Okay, that’s a pretty long-winded way of saying that not every novel engineering idea works out. Or, more pointedly, is worth working out. Nonetheless, while anti-lock brakes have been an incredible boon to rider safety, its sister in technology — traction control — is pretty much useless unless you spend all your time on the track. Quick shifters were, well, quick to catch on; e-clutches not so much. 

Sometimes, said failure is because we bikers are a hoary old lot (take our disdain for funny front suspensions, for instance). Other times, the technology is simply not ready (see: the almost-universal bankruptcy of every electric motorcycle manufacturer ever).
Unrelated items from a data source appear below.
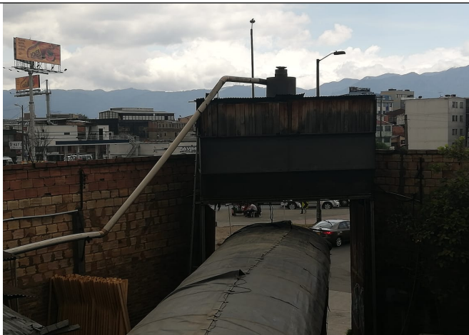
Fotografía No 7. Sistema de ciclón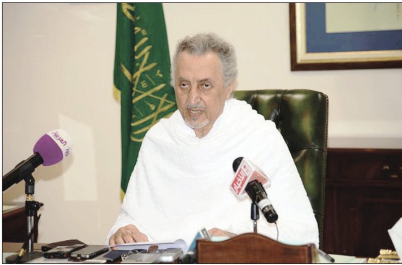
الأمير خالد الفيصل متحدثاً خلال المؤتمر الصحفي

ورداً على سؤال حول انعكاس المشاريع التي وفرتها الدولة لصالح خدمة الحجاج، أجاب سمو أمير منطقة مكة المكرمة، قائلاً: (توجد مشاريع هذا العام والأعوام السابقة، وسوف تنعكس هذا العام بشكل ممتاز، ورأينا في كل عام أن الاستعدادات ترتفع ويرتفع معها مستوى الأداء في هذه الخدمات، ويرتفع مستوى الرضا من الحجاج عن هذه الخدمات، وهو أمر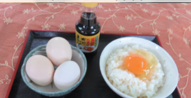
天空さくら卵かけごはん (農業公園信貴山のどか村)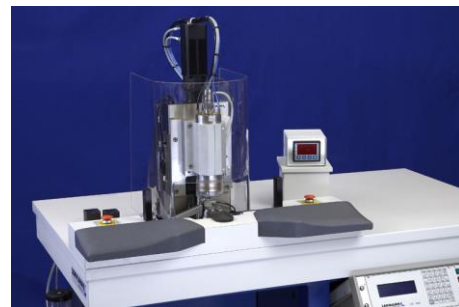
Fraiseuse CNC de précision pour micro-pièces

À partir de nos composants, nous construisons des tours, fraiseuses et machines spéciales spécifiques aux clients, pour l'usinage de petites pièces, qui satisfont aux exigences les plus sévères en matière de précision, de qualité et de sécurité du processus.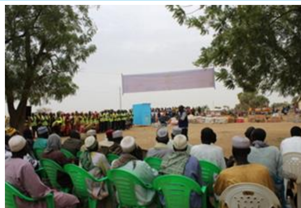
Photo PNUD Cameroun, 2019 : Réunion de concertation sur l'emploi des jeunes et remise des Kits d'insertion socio-économique aux jeunes de Blangoua

Le projet transfrontalier de consolidation de la paix entre le Tchad et le Cameroun dans son objectif de renforcer les capacités économiques des jeunes et des femmes se construit des aspirations conformes aux possibilités économiques objectives à travers les formations aux métiers et l'insertion socio-économique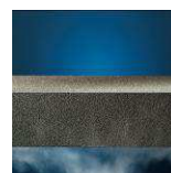
Étanche à la vapeur d'eau

And sometimes said advancement, no matter how inventive, answers a question that no motorcyclist ever asked.

For instance, a couple of years ago, Honda released a patent for a computer-controlled windscreen for the Gold Wing. Now understand that a turbulence-free cocoon is the quest of everyone choosing a bike with a full fairing. And, truth be told, I think Givi’s Airflow windscreen is the single most effective aftermarket accessory I have tested in 41 years of motorcycling, turning my V-Strom’s absolutely horrific stock fairing into aerodynamic perfection. I’ll go even further: electrically-adjusted screens really are a boon to long-distance touring, allowing the height (and sometimes the angle) of a shield to be tailored to individual riders and conditions.
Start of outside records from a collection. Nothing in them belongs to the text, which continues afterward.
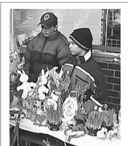
VELIKONOČNÍ JARMARK. Pomlázky, perníčky a věci z proutí nabízelí žáci hostomické školy Pavla Lisého na velikonočním jarmarku ve středu 23. března.

Učitel a učitelka, učí žáky od pondělka. Kdyby mohli učit déle, učili by do neděle.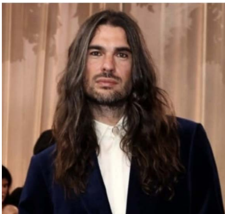
Declaração de diretor indicado ao Oscar reacende debate sobre nacionalismo: Oliver Laxe estaria com medo?

Ou seja, motivou os brasileiros a iniciarem movimento semelhante ao ocorrido no ano passado e que teve êxito com “Ainda estou aqui”. “O Agente Secreto” é favorito a estatueta em que o cineasta também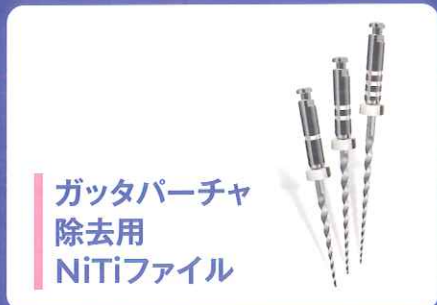
ガッタパーチャ 除去用 NiTiファイル

セール期間 2025年 2月3日(月)～3月31日(月) 14:30pmまでのご注文

But when did we motorcyclists get too lazy to toggle a freakin’ button? Or, on a mechanical system, raise a lever or slide a latch? Especially when, according to MCN, said automatic windscreen needs a computer, two cameras and a microphone to eliminate the seemingly bone-tiring wiggle of your thumb. I’m reminded of automakers that, running out of things to automate, now feel the need to make all four doors of luxury sedans — like the Genesis G90 I recently drove — push-button-operated. It appears that there are people for whom closing a car door or raising a BMW R1300 RT’s windscreen is simply a travail too far. 

Meanwhile Honda — along with Yamaha, a start-up called Lit and others — is also looking to perfect the self-riding motorcycle. Now, before I start ranting, let me first congratulate anyone who can engineer a rider-less motorcycle. Having spent the last decade reporting on the foibles of autonomous automobiles, making motorcycle riding autonomous is especially impressive considering the extra degree of freedom — i.e. cars don’t fall over. And furthermore, it is also categorically true that said research could provide some meaningful benefit; — for instance, giving new and infirm riders more confidence at low speeds.
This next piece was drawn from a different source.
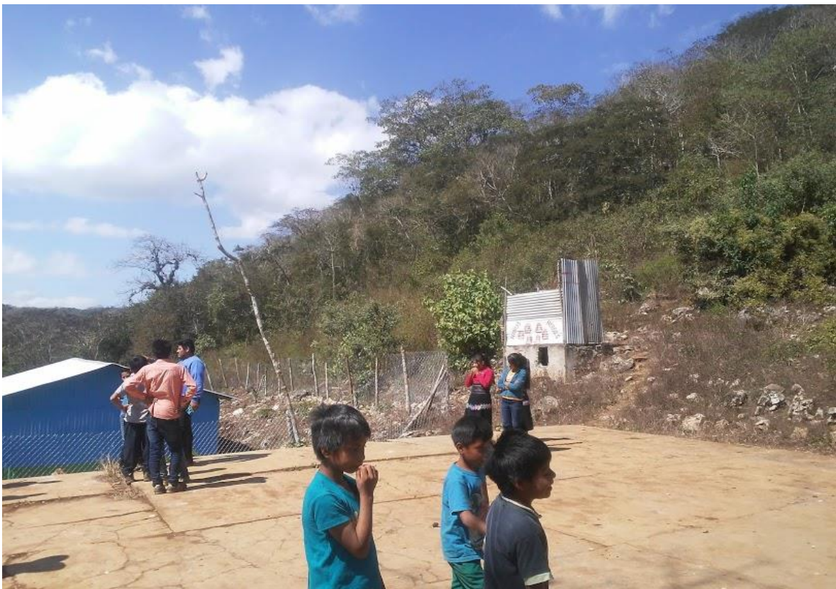
Ilustración 8 Cerca, donde pueda verte

That doesn’t change the fact that a fully self-riding motorcycle is absolutely useless. Who would want such a contraption? Oh, one can surely see the benefit of self-driving car that might allow us to text, fall asleep and, as I suspect the Gen Zers will soon popularize, have acrobatic sex in the back seat, but what exactly is one supposed to do on a motorcycle if one isn’t occupied by its control? You’re still stuck in the same riding position, still subject to the whims of weather, and there’s no way, unless you’re a world-class gymnast, you’re consummating any sex act on any motorcycle pillion seat I’ve seen. There is nothing you can do on a self-riding motorcycle that you can’t do on the bike you now ride. Nonetheless, patent-scrolling is becoming something of a metier amongst motojournalists. It’s worth remembering that for every one that actually proves useful — Honda’s adding an electric supercharger to a novel V3 engine — there’s someone who spent years working out how to make a computer-controlled windscreen. Now I know what made professor Lukasiewicz so cranky.